_Exercise goal_:
Retype nothing except the lines below from the one with "BALLSY. LIKE A" through the one with "위원장과 악수 나누고 있다.", exactly, with images left out.

═══ Study material

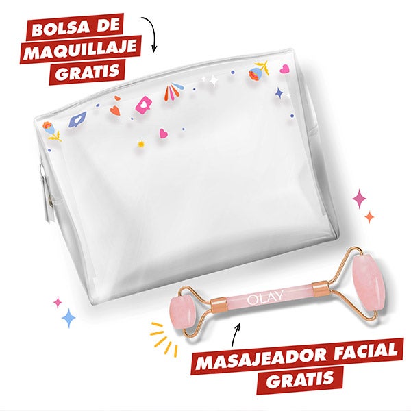 Como um presente especial, inclui um face roller para desfrutar de massagens relaxantes e um encantador nécessaire para guardar todos os seus produtos básicos para o cuidado da pele.
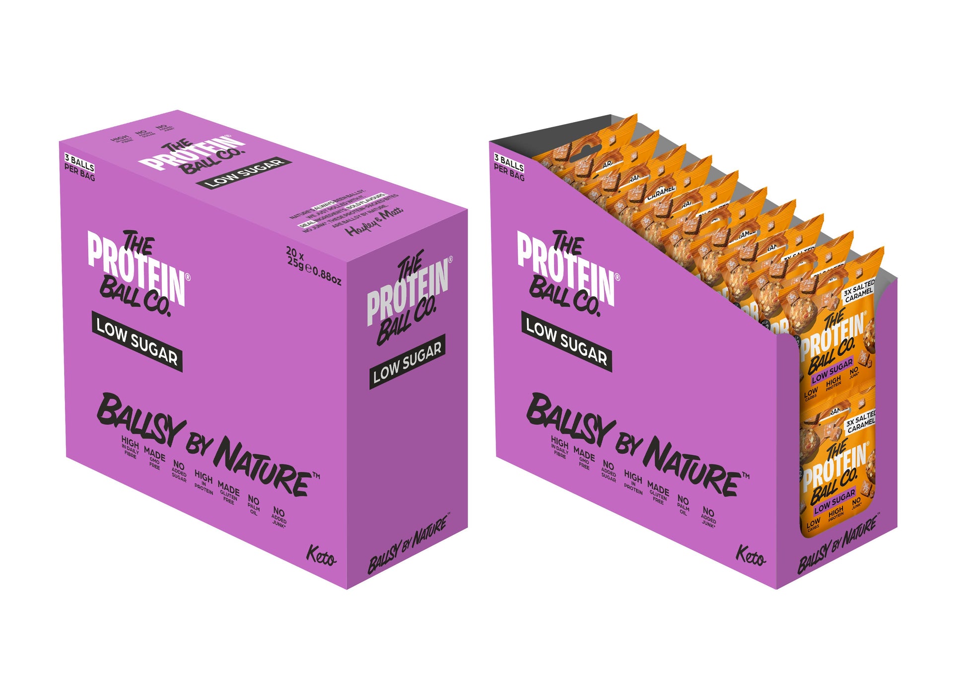 BALLSY. LIKE A SEA-SALT WAVE CRASHING AGAINST CALM CARAMEL CLIFFS. NO ADDED SUGAR, SWEETENERS OR EMULSIFIERS, AND MADE WITH SIMPLE NATURAL INGREDIENTS. HIGH IN BOTH VITAMIN C AND FIBRE. 3 X BALLS PER BAG.
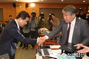 (조세금융신문=전한성 기자) 농협중앙회·농협금융지주·NH개발·농협자산관리·농협정보시스템·농협생명보험·농협손해보험·NH투자증권·NH-CA자산운용·농협캐피탈·NH선물·NH저축은행에 대한 국회 농림축산식품부해양수산위원회의 국정감사가 6일 서울 중구 새문안로 농협중앙회에서 열린 가운데 최원병(왼쪽) 회장이 김우남 위원장과 악수 나누고 있다.
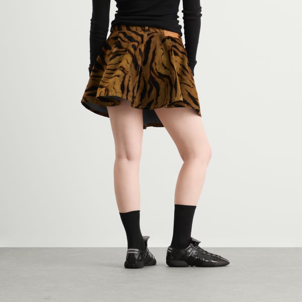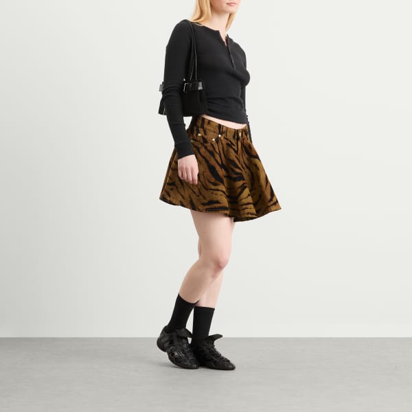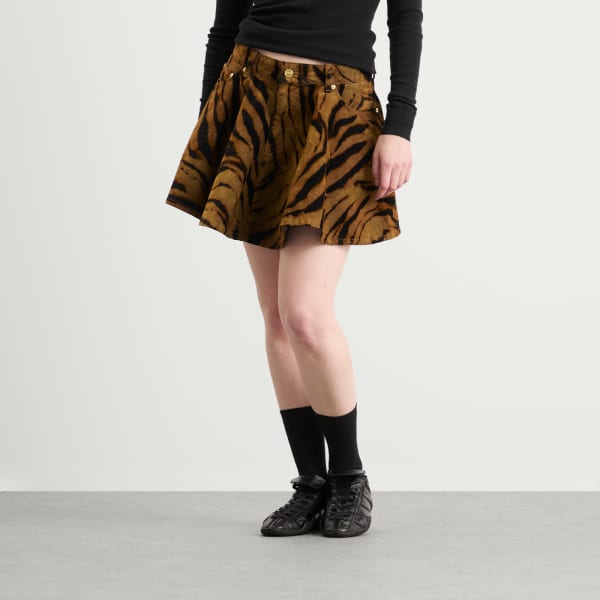 GANNI, копенгагенский бренд, известный своими смелыми принтами и игривыми пропорциями, выделяется фактурой в мини-юбке из принтованного денима с ворсистым принтом. Яркий тигровый принт, создающий бархатистую, рельефную поверхность, добавляет дизайну энергичности. Модель выполнена из переработанного хлопка, имеет забавный расклешенный силуэт и дополнена нашивкой с логотипом GANNI сзади.
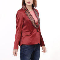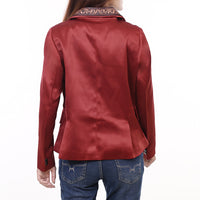 Make a bold Western statement with this vibrant red satin blazer featuring luxurious hand-tooled leather lapels. Designed for the stylish cowgirl who loves to stand out, this tailored piece blends rich color with traditional craftsmanship in a modern silhouette.
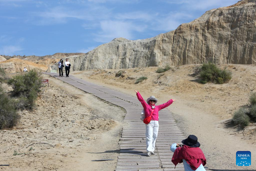 A tourist poses for photos at a scenic spot of Ulunggur Lake in Fuhai County of Altay, northwest China's Xinjiang Uygur Autonomous Region, Sept. 8, 2025.
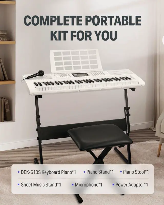 All-Inclusive Kit-The DEK-610S Piano Keyboard Kit includes an easy-to-assemble keyboard stand, an adjustable-height bench, a sheet music stand, a microphone, and a power adapter. It provides everything you need in one package
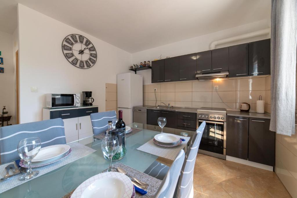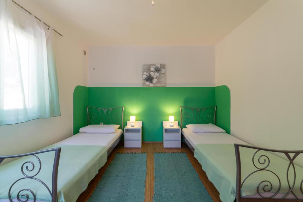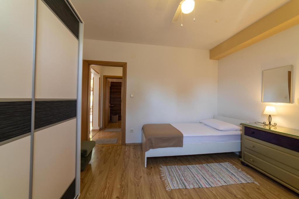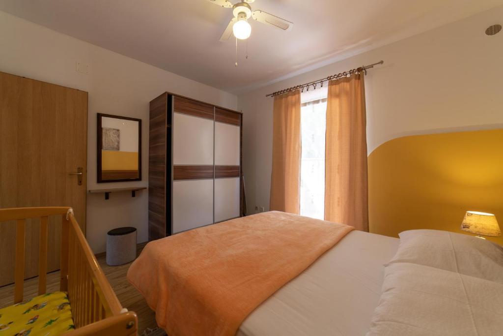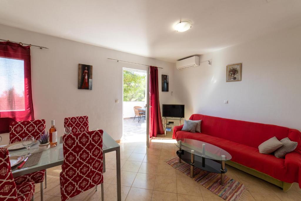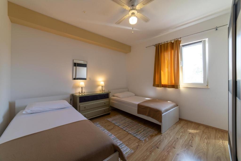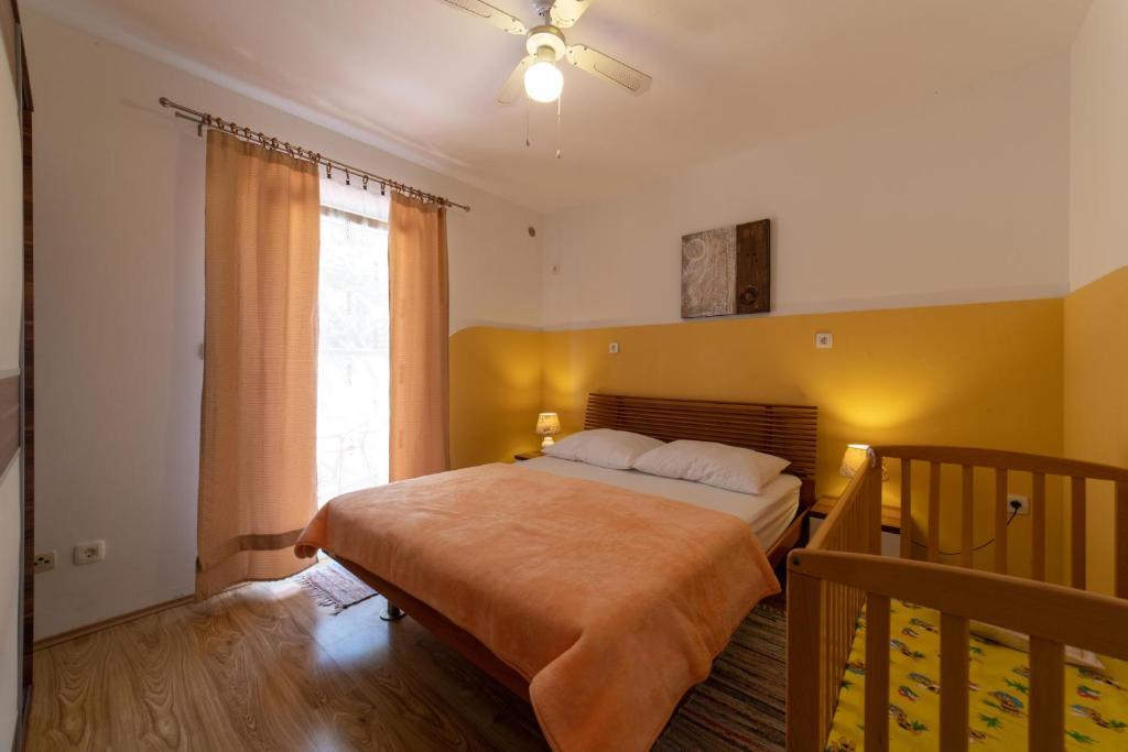 If you want to spend a quiet summer vacation, without noise and beach crowd, we can offer you a house at Solta island, near Split, in small bay Donja Krusica. A house has 4 separated and modern apartments. In front of the house, there is a yard covered by vine stems which make pleasant shade in hot summer days. House has 2 floors and 2 apartments for rental with terrace and beautiful garden. North from the apartments you have beautiful garden with barbecue and garden furniture. South from the house each apartment has balcony with beautiful sea view. Each apartment consist of: 2 bedrooms, 1 bathroom, 1 kitchen living room, balcony, garden barbecue (shared with another apartment). Balcony has magnificent view on the city Čiovo, Kaštela and Split. Apartment has capacity of 4 1 people. If there would be more than 5 people we will ask you to pay extra money.
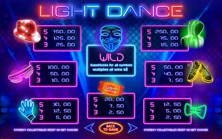 Таблица выплат Light Dance
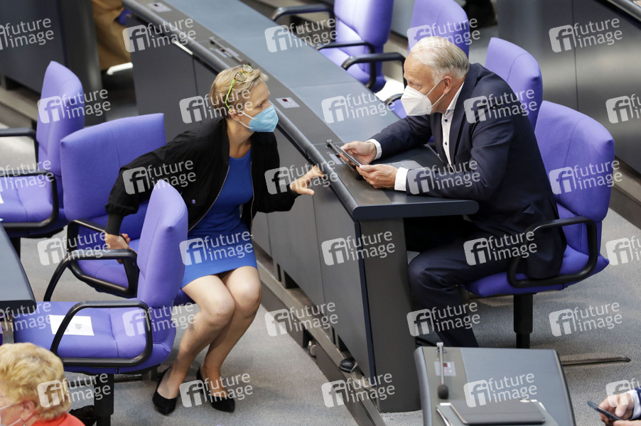 Franziska Brantner und Jürgen Trittin in der 234. Sitzung des Deutschen Bundestages im Reichstagsgebäude. Berlin, 11.06.2021

══════

_Solution to the problem_:
 BALLSY. LIKE A SEA-SALT WAVE CRASHING AGAINST CALM CARAMEL CLIFFS. NO ADDED SUGAR, SWEETENERS OR EMULSIFIERS, AND MADE WITH SIMPLE NATURAL INGREDIENTS. HIGH IN BOTH VITAMIN C AND FIBRE. 3 X BALLS PER BAG.
 (조세금융신문=전한성 기자) 농협중앙회·농협금융지주·NH개발·농협자산관리·농협정보시스템·농협생명보험·농협손해보험·NH투자증권·NH-CA자산운용·농협캐피탈·NH선물·NH저축은행에 대한 국회 농림축산식품부해양수산위원회의 국정감사가 6일 서울 중구 새문안로 농협중앙회에서 열린 가운데 최원병(왼쪽) 회장이 김우남 위원장과 악수 나누고 있다.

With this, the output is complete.